Who will win the World Series?
I’m not, by any means, a sports expert. I spend as close to 24 hours as I can every day thinking about/reading about/studying/watching baseball, but NO. I am NOT any kind of expert. I’m just a fan with a mild case of Nerditis and a couple of blogs. That no more makes me an expert than any other fan, or most other baseball writers. Joe Posnanski wrote a while ago about how silly it is that he has to pick NFL outcomes and scores every week. People think he’s got some kind of magical insight that average fans can’t have, an 8-ball of stats and scores that only sportswriters are able to see.
People make that assumption about me, too, though probably to a lesser extent. In one of my classes, we spend a while every week talking about current events, including sports stories. The teacher always - ALWAYS - calls on me, out of a class of around 50 kids, to detail the week’s sports stories. I’m a sports writer, she reasons, so I must know what’s up. And yeah, usually I do know what has happened in major sports; I’d be out of work in a hurry if I didn’t.
But please don’t come to me looking for future outcomes. Odds are good that I can’t predict with any greater accuracy over time than you, your mother, or her next-door neighbors who never watch TV. Reading extra Deadspin every day doesn’t make me better at knowing who’s going to win the World Series; I can’t counsel anyone on which team to bet on.
Buuuuuuut….I’m a polite girl. I would never say the things in the previous paragraph to someone’s face.
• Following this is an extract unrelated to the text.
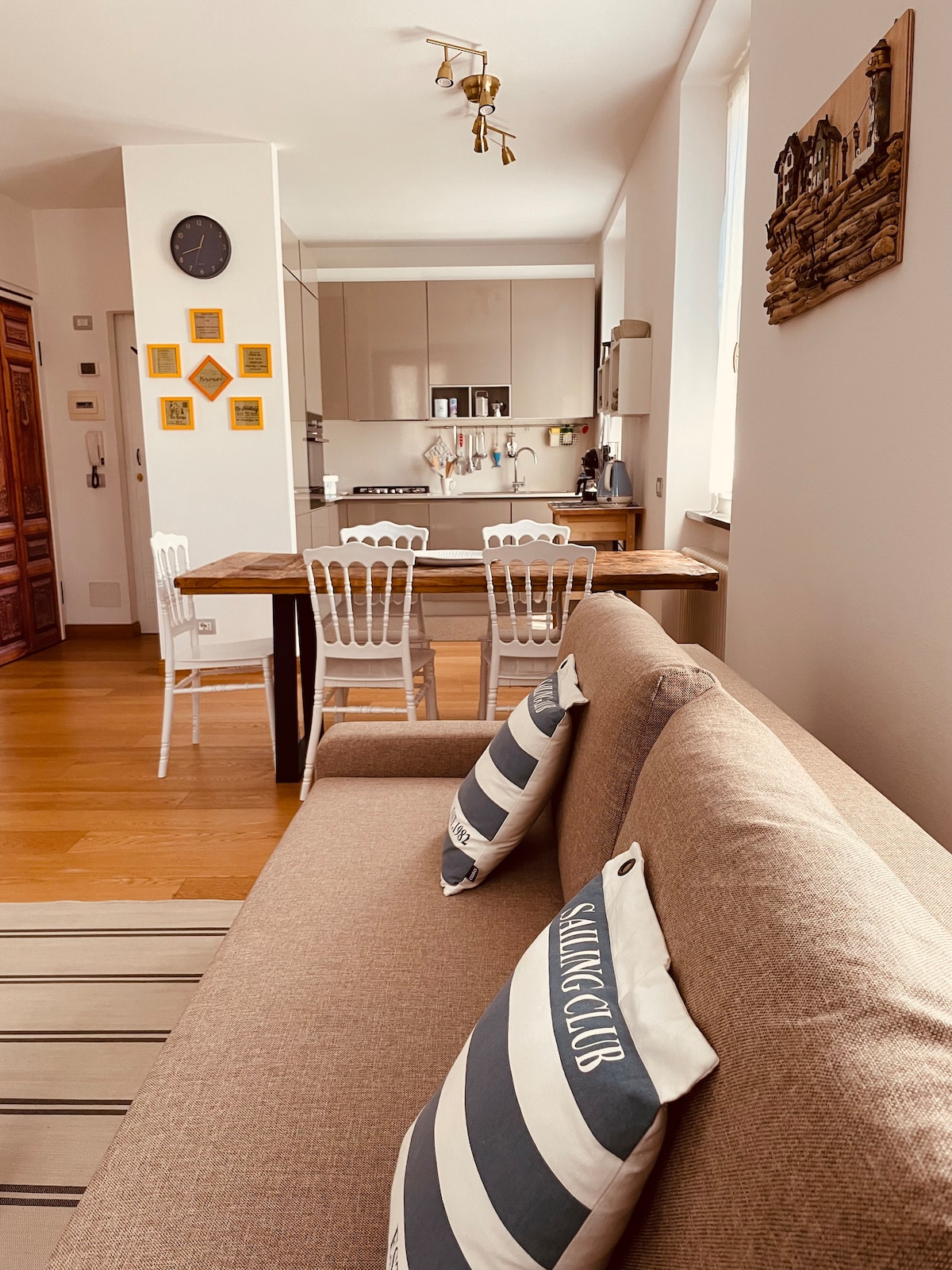 Grazioso appartamento in stile marinaro, al secondo piano (senza ascensore) a pochi minuti a piedi dal centro storico e dal lungomare di Chiavari. Un'ampia zona giorno - Wi-fi gratuito, smart tv e Netflix - cucina completa di elettrodomestici, angolo dedicato alla colazione con macchina del caffè - anche all'americana - bollitore, tostapane e microonde. Una camera da letto matrimoniale, un bagno completo di sanitari e doccia. Lenzuola ed asciugamani inclusi. Un parcheggio privato gratuito
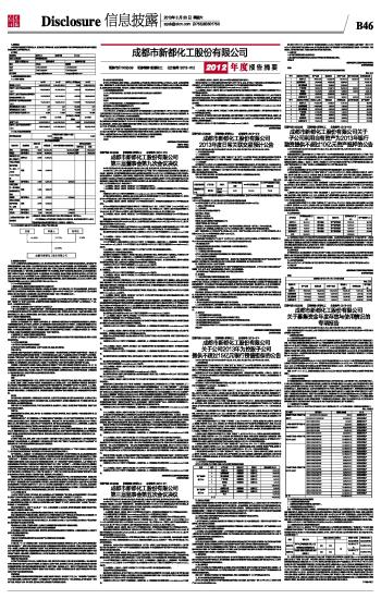 成都市新都化工股份有限公司2012年度报告摘要及公告(系列)

People do ask me, in all sincerity, to share some special insights and “expert” predictions. I always politely deflect the question. “All I want is a 7-game series,” I tell them. “Philly winning tonight at Tampa was a good start.”
Bam. Question dodged. If I never make a cut-and-dried prediction, then by golly I can’t be wrong! Man, I think I should be a baseball “expert” on TV!!